Basically my input are individual NII files (128x128x33x240, here first three dimensions encode voxel coordinate in space and the last one encodes time) of masked CSF/WM (Cerebrospinal fluid & white matter) activations which I'm hoping to run PCA on - these are areas of no interest in that activations here do not represent 'real' neural data and so PCA is done on them so the most robust components can be removed via regression. Then I'd like to retain the top however-many components (e.g. top 8), create an output file consisting of just those components and use that output file in a regression via the AFNI program 3dTproject. Most of my questions are technical but they are numerous so I apologize.

  1. Given that the input data sets are already masked - i.e. everything outside of these areas is set to zero so that in my original 128x128x33x240 matrix, I have mostly zeros and then values at the 3 dimensions in space (at all 240 time points) where the WM/CSF resides area equal to 'activation' values - in that everything outside of the WM/CSF (white matter & cerebrospinal fluid) is equal to zero, should I mask again once in MATLAB (with logical arrays or the like)? In other words, if I input the original 128x128x33x240 image with all of the zeros will all the zeroes affect the PCA in any way?

  2. Okay this is a big one for me. I have done a lot of reading on this and think I have the answer but want to confirm because of how important it is. So if I ultimately use the MATLAB pca function to run the PCA I need a 2D input. This input should be VOXELSxTIME and not TIMExVOXELS, correct? So e.g. will be 25654x240 and not 240x25654? I understand that the number of PCs will truncate at 240 regardless of the input matrix dimensions but obviously this needs to be correct in order to get the right output.

  3. Okay so my current command for actually running the PCA is:

     [COEFF, SCORE, LATENT] = pca(image);
    

    COEFF outputs a 240x240 matrix. SCORE is VOXELx240. LATENT is 240x1. I know LATENT represents the eigenvalues which I will be using to choose which components to keep. COEFF is the eigenvectors? SCORE is said (in the help) to be the representation of the input image into the PC space.

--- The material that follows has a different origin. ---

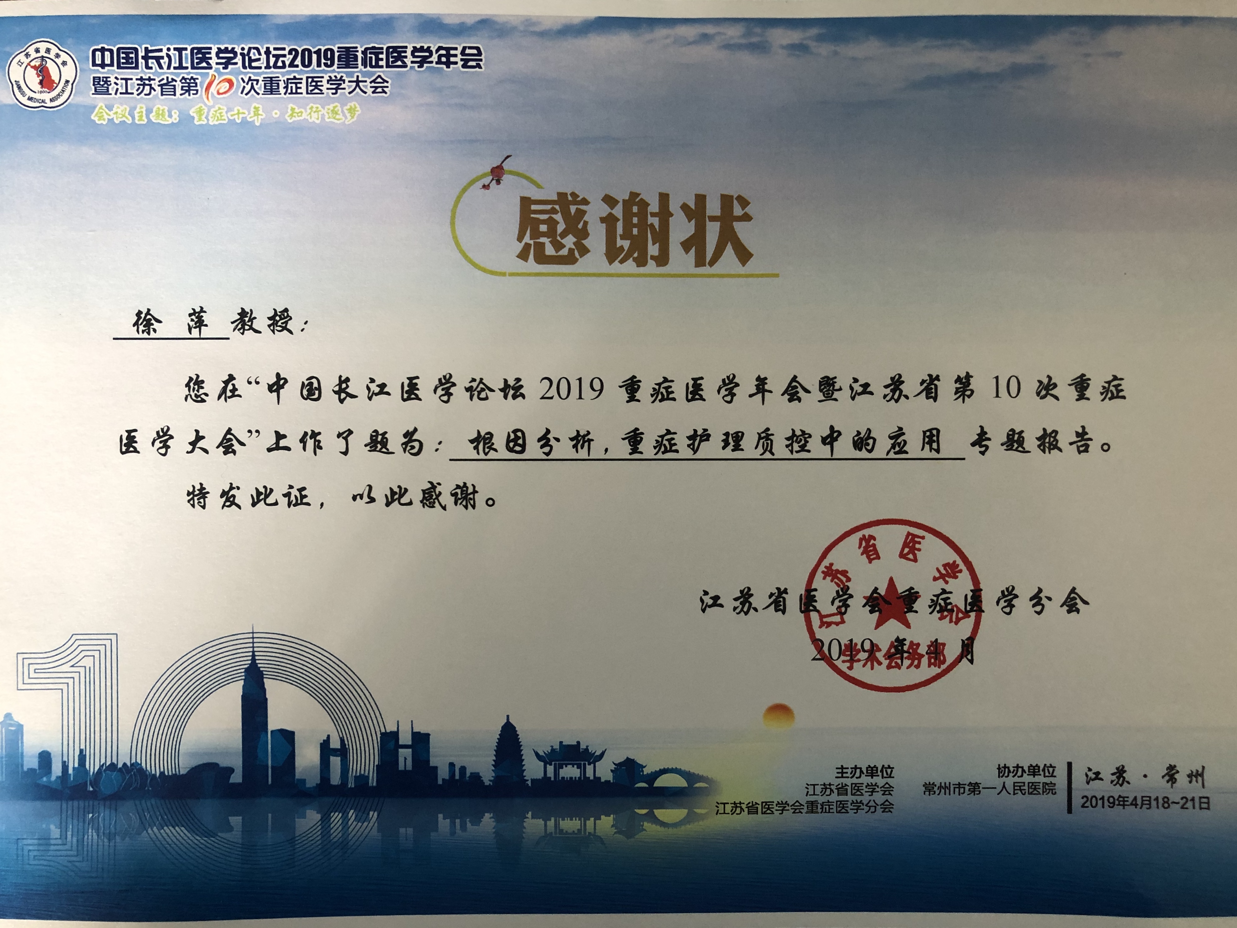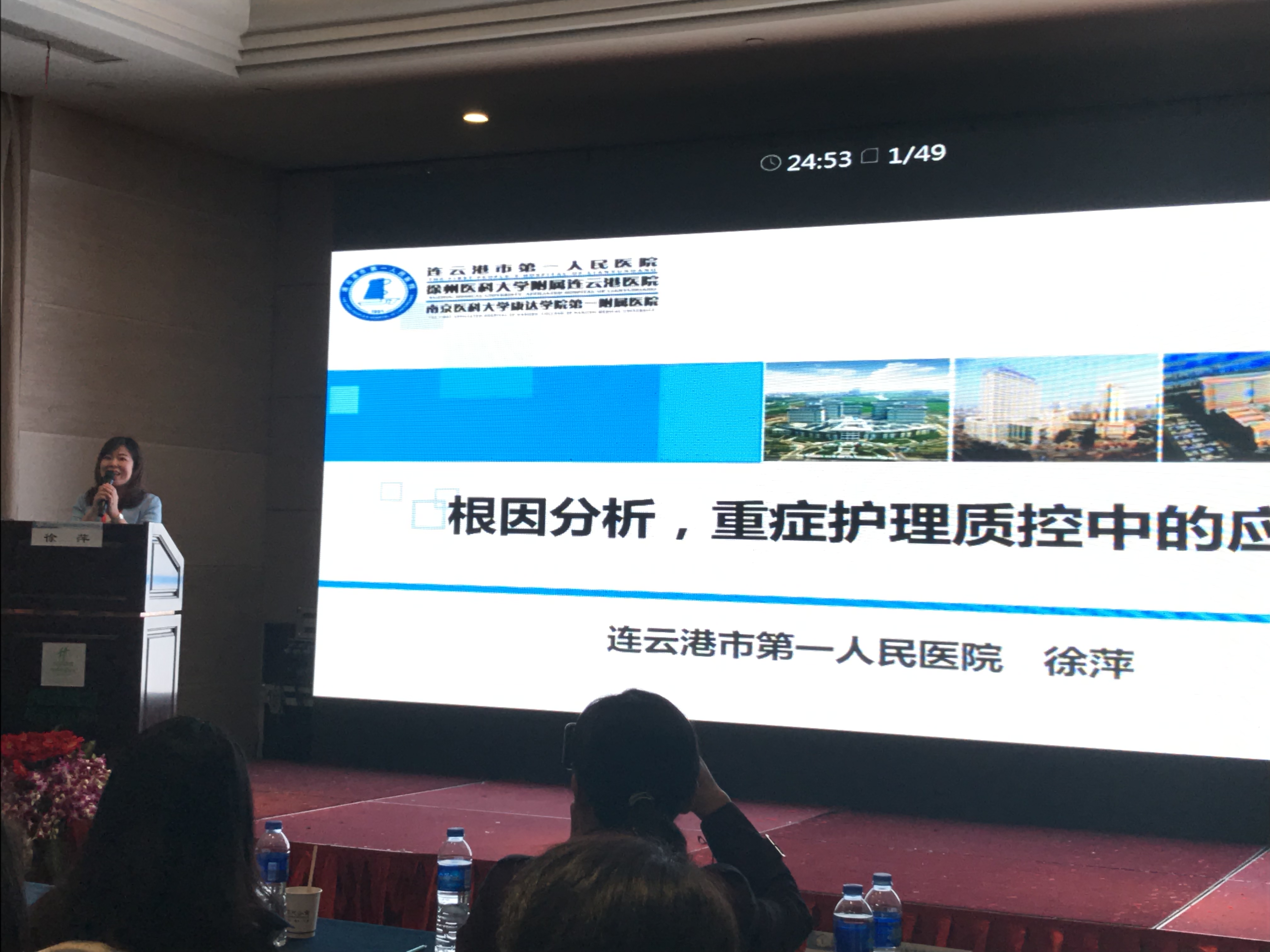 徐萍作为江苏省护理学会危重症专业委员会的委员和连云港市护理学会危重症专业委员会的主任委员应大会邀请做《根因分析,重症护理质控中的应用》专题讲座,在会上徐萍老师针对根因分析并给予深入的讲解,并结合重症临床实际案例进行详细阐述。现场氛围浓厚,反响强烈,受到与会专家及在场人员的一致好评。

    After figuring out how many PCs to keep I want to create my output file consisting of ONLY the top 8 (or whatever) PCs I'm retaining and I'm doing this by multiplying the original image (e.g. 25654x240) by the eigenvector matrix of the retained components (e.g. 240x8) so the result will be a 25654x8 matrix. This is my problem - I don't know what to do from here. I want to be able to use the PCs as a regressor and to have my output be a 3DxTime output. The exact line in the manuscript here is:

    After selecting the number of PCs, the associated temporal projection or score of each selected PC was then removed from the BOLD data in a voxelwise fashion by linear regression.

    The exact section I'm looking at is in the Supplementary Materials page 2/11 and is the bottom left paragraph (under heading, "Functional MRI Data Acquisition and Preprocessing" all the way to the end of the section).

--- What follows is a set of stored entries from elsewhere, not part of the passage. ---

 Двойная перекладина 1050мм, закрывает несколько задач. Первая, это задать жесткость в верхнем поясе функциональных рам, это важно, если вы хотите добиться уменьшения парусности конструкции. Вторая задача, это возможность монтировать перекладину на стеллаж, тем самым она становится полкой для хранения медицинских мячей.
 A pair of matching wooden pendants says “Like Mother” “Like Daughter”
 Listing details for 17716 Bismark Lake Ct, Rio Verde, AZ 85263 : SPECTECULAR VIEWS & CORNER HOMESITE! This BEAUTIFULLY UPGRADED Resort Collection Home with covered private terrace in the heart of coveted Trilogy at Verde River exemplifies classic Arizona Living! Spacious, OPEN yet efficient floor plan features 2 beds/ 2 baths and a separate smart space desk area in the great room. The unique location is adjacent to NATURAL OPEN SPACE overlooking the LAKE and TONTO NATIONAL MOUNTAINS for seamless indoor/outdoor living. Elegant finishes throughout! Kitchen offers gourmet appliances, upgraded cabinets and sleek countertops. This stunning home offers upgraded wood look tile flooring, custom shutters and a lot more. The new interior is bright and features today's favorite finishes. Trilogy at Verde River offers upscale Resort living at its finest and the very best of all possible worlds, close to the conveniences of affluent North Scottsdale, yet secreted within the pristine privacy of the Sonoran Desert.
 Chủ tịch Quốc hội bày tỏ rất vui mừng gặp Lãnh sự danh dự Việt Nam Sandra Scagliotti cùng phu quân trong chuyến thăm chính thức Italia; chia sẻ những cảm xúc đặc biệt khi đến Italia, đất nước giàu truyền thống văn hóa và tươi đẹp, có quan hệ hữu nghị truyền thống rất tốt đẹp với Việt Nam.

    If my understanding is correct, each column of my matrix represents the voxel-wide representation of the 1st, 2nd, etc. PC. So what does "temporal projection" mean in this case? And how do I use this in a regression?

    I ask this because the regression programs in fMRI analysis softwares like AFNI's 3dTproject take input files of size TIMEx1 (so 240x1 in my case) which represents temporal PCA as opposed to a spatial map, which I have here. I'm assuming I have to reshape the matrix to the original size (e.g. 128x128x33x8) with the fourth dimension now being 8 instead of 240 so 128x128x33x1 is PC image 1, 128x128x33x2 is PC image 2, etc. Do I save all the 4D matrices separately? If I then use 3dTproject to regress these out, what option do I use as it is literally a single image and not a timeseries (240x1) file? Or does the 'temporal project' statement indicate that I DO need a time component to these inputs and if so how do I get that to be part of it here?

    Is singular value decomposition something I should be looking into?

This is a big question and I would be so grateful for any help. I have been trying to work on this for awhile but I feel like my understanding is not where it needs to be and I definitely don't want to mess this up.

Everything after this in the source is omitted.